Motivating employees to engage in pro-environmental behaviours is an essential topic in the tourism and hotel fields. This paper advances this research direction by integrating the mechanisms of cognition and incentives from the externalities/spillovers perspective. This paper argues that we can view the environmental and financial benefits received by hotels and natural environment as positive spillovers from employees' voluntary pro-environmental behaviours. Accordingly, internalization (the subject of positive spillovers cognitively perceives oneness with beneficiaries like hotels and physical environment) and compensation (beneficiaries offer incentives for positive spillovers' subject) are two leading solutions to the positive spillovers issue, which can improve employees' engagement in pro-environmental behaviours. Hence, this paper explores the impact of employees' cognitive internalization (work ethic) and positive incentives from the organization and nature (hotel's environmental benefit sharing and health rewards rooted in employees' ecological embeddedness) on employees' pro-environmental behaviours in the hotel industry.

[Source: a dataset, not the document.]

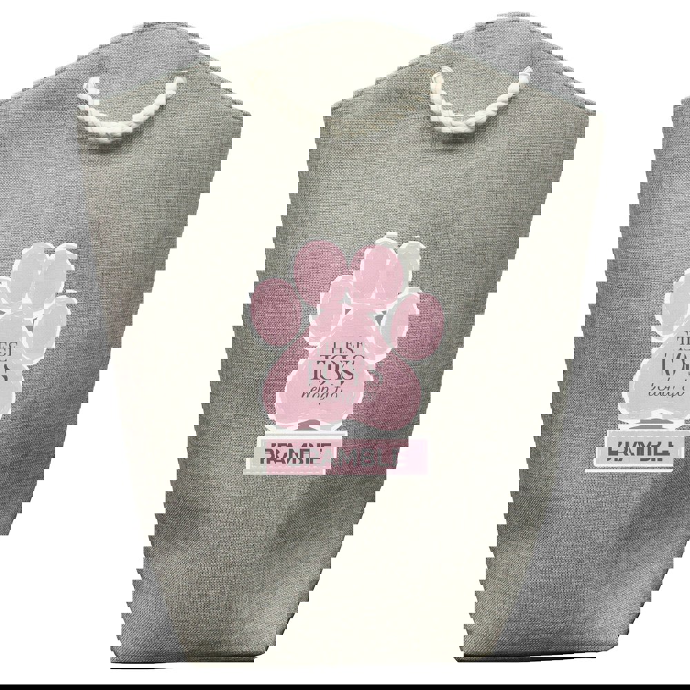 Our Personalised Pink Paw Print Storage Bag is perfect for keeping dog toys and blankets tidy.
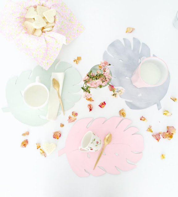 Conocí a Karina gracias a un diy precioso que publicó hace unas semanas en su blog, en el que convirtió unas simples planchas de goma eva en estos preciosos salva manteles con forma de hoja de monstera de tonos pastel. ¿Preciosísimos verdad?

The empirical analysis of a sample of 324 employees working in Chinese luxury hotels suggests that employees' work ethic, hotel's environmental benefit sharing and employees' ecological embeddedness are significantly positively related to employees' pro-environmental behaviours and that the interplay of employees' work ethic and ecological embeddedness significantly and negatively affects employees' pro-environmental behaviours.